--- WHAT THE TASK REQUIRES ---
Your copy of the data should match it exactly, except that the pictures are gone.

--- SOURCE MATERIAL ---
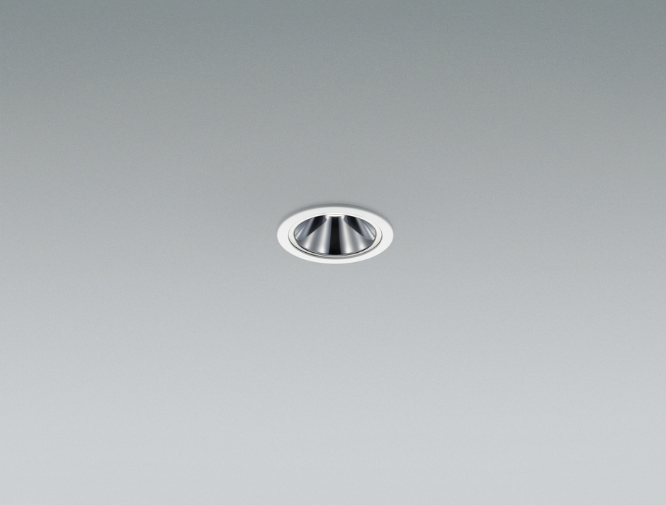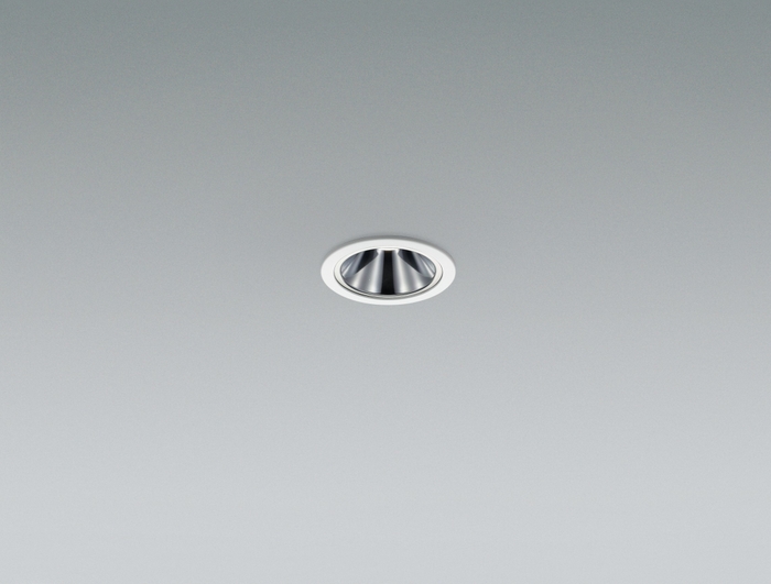 この度の新製品は、グレアカットアングルを深くし、グレアレス鏡面ミラーとワイド配光レンズで眩しさを軽減させ、どの角度から見てもグレアを感じにくい設計のベースダウンライトとなっております。さらに、従来のグレアレスダウンライトより約20%効率をアップさせ、広くフラットな配光に設計することで、しっかりと明るさを確保しつつ、水平面照度のムラを減らし、空間全体を効率よく照らすことが可能になりました。そのため、働き方や業務内容に応じて部署ごとにレイアウトを変更するオフィスや、フリーアドレス方式を採用したオフィス空間で活躍いたします。またWELL認証※1の加点項目である「照明のグレアの管理」においての基準値もクリアしており、オフィス空間におけるグレアを低減し、心地良い視環境の実現を可能にいたしました。
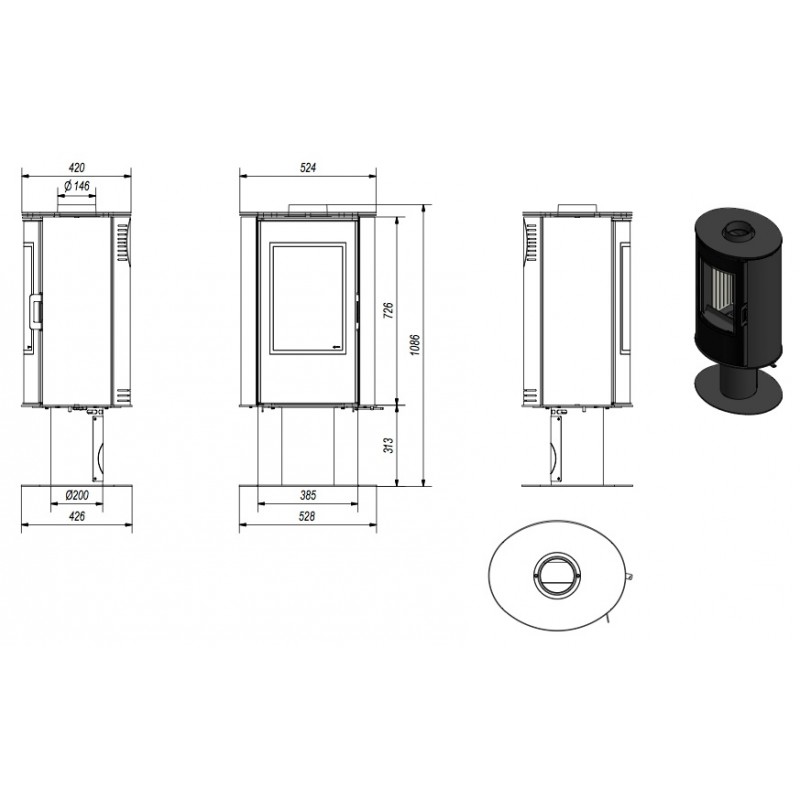 KRATKI KOZA AB SN GLASS 8 kW krbové kachle, oceľ, s nohou KOZA/AB/S/N/GLASSVoľne stojace oceľová pec, posadená na masívne nohe, vybavená jednoduchým dekoratívnym sklom typu Glass, prekrývajúcim celé dvierka.
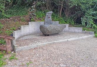 Mit den halbkreisförmig angeordneten Granitstelen auf der Rückseite ist die Hangsituation eingefasst worden; das Natursteinpflaster und der Wasseranschluss wurden anschließend komplett erneuert bzw. der neuen Situation angepasst.
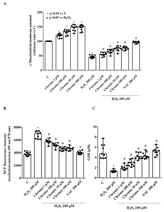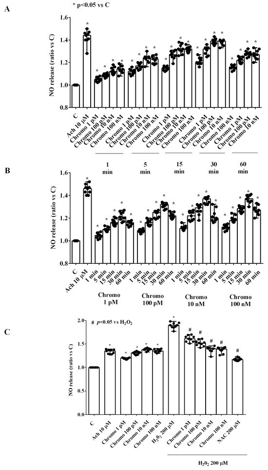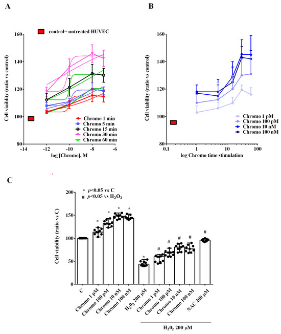 Effects of chromogranin B on cell viability of HUVECs. Panel (A) grading study; Panel (B) time-course study (time stimulation: 1 min, 5 min, 15 min, 30 min, and 60 min); Panel (C) effects of chromogranin B in the presence or absence of H2O2. The results are the medians and range of experiments repeated three times on different pools of HUVECs and triple readings. C = untreated HUVECs (DMSO only). Chromo = chromogranin B. NAC = N-acetylcysteine. In (A,B), the statistical analysis was performed by comparing the different chromogranin B concentrations at each stimulation time through the Kruskal–Wallis test, followed by Dunn’s post hoc test. In (C), the Mann–Whitney test was used to compare the different chromogranin B concentrations (“*” and “#” were considered together) to the controls and H2O2, respectively. A p-value < 0.05 was chosen for statistical significance.

--- SOLUTION ---
 この度の新製品は、グレアカットアングルを深くし、グレアレス鏡面ミラーとワイド配光レンズで眩しさを軽減させ、どの角度から見てもグレアを感じにくい設計のベースダウンライトとなっております。さらに、従来のグレアレスダウンライトより約20%効率をアップさせ、広くフラットな配光に設計することで、しっかりと明るさを確保しつつ、水平面照度のムラを減らし、空間全体を効率よく照らすことが可能になりました。そのため、働き方や業務内容に応じて部署ごとにレイアウトを変更するオフィスや、フリーアドレス方式を採用したオフィス空間で活躍いたします。またWELL認証※1の加点項目である「照明のグレアの管理」においての基準値もクリアしており、オフィス空間におけるグレアを低減し、心地良い視環境の実現を可能にいたしました。
 KRATKI KOZA AB SN GLASS 8 kW krbové kachle, oceľ, s nohou KOZA/AB/S/N/GLASSVoľne stojace oceľová pec, posadená na masívne nohe, vybavená jednoduchým dekoratívnym sklom typu Glass, prekrývajúcim celé dvierka.
 Mit den halbkreisförmig angeordneten Granitstelen auf der Rückseite ist die Hangsituation eingefasst worden; das Natursteinpflaster und der Wasseranschluss wurden anschließend komplett erneuert bzw. der neuen Situation angepasst.
 Effects of chromogranin B on cell viability of HUVECs. Panel (A) grading study; Panel (B) time-course study (time stimulation: 1 min, 5 min, 15 min, 30 min, and 60 min); Panel (C) effects of chromogranin B in the presence or absence of H2O2. The results are the medians and range of experiments repeated three times on different pools of HUVECs and triple readings. C = untreated HUVECs (DMSO only). Chromo = chromogranin B. NAC = N-acetylcysteine. In (A,B), the statistical analysis was performed by comparing the different chromogranin B concentrations at each stimulation time through the Kruskal–Wallis test, followed by Dunn’s post hoc test. In (C), the Mann–Whitney test was used to compare the different chromogranin B concentrations (“*” and “#” were considered together) to the controls and H2O2, respectively. A p-value < 0.05 was chosen for statistical significance.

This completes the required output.